--- DATASET EXTRACT ---
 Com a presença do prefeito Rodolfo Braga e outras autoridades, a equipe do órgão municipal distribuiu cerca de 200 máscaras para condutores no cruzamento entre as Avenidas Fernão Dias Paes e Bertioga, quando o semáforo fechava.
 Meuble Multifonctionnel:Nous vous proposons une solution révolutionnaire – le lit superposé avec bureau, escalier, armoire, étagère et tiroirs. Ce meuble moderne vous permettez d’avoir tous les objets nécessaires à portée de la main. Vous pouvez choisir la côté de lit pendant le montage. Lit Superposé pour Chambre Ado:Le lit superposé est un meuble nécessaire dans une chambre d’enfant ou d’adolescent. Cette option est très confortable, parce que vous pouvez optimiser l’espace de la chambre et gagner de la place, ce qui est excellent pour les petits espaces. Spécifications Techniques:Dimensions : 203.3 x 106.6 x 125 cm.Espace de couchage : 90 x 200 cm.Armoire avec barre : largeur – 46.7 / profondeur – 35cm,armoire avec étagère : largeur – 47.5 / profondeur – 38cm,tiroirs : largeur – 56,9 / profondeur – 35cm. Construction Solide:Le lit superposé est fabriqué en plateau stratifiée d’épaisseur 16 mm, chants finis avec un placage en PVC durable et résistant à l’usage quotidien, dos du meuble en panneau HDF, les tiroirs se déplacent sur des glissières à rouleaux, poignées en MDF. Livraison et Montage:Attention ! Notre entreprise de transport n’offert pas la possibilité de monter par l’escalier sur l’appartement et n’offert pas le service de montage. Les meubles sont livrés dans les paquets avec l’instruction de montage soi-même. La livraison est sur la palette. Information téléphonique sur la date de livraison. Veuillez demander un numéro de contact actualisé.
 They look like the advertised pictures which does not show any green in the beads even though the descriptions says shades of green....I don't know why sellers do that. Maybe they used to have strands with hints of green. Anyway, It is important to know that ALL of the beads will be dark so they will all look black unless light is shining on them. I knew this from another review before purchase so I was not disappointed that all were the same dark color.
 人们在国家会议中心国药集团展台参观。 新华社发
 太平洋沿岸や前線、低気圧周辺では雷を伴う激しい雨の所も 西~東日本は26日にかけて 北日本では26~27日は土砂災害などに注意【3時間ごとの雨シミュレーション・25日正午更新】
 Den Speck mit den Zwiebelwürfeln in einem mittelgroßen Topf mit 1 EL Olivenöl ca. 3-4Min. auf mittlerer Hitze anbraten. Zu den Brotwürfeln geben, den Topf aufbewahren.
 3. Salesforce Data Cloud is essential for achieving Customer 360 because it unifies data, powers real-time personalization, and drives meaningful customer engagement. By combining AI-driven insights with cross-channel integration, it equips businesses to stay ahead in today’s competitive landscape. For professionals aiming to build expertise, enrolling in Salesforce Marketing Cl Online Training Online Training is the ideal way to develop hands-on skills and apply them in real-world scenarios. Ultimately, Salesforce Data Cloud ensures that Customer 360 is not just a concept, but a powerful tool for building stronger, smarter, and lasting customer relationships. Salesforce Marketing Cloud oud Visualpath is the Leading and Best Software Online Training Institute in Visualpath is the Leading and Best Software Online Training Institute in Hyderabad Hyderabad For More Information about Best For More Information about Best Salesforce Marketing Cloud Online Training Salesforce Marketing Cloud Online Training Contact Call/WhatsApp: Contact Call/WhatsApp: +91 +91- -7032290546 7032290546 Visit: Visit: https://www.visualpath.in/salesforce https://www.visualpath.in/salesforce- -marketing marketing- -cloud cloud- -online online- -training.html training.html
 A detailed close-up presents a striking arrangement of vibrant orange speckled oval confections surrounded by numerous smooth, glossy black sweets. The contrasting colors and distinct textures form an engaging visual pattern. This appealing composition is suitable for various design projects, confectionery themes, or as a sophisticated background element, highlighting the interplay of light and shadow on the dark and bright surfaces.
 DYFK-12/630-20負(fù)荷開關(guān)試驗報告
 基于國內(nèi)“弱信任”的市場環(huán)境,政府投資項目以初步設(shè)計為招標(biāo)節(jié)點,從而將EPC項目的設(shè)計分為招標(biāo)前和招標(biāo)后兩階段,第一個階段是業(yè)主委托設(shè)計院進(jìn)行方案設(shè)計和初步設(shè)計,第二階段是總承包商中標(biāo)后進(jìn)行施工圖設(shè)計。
---
## PROBLEM DESCRIPTION
Return word for word the lines above from the line with "人们在国家会议中心国药集团展台参观。 新华社发" to the line with "Den Speck mit", including both and leaving out all others.

## COMPLETED TASK
 人们在国家会议中心国药集团展台参观。 新华社发
 太平洋沿岸や前線、低気圧周辺では雷を伴う激しい雨の所も 西~東日本は26日にかけて 北日本では26~27日は土砂災害などに注意【3時間ごとの雨シミュレーション・25日正午更新】
 Den Speck mit den Zwiebelwürfeln in einem mittelgroßen Topf mit 1 EL Olivenöl ca. 3-4Min. auf mittlerer Hitze anbraten. Zu den Brotwürfeln geben, den Topf aufbewahren.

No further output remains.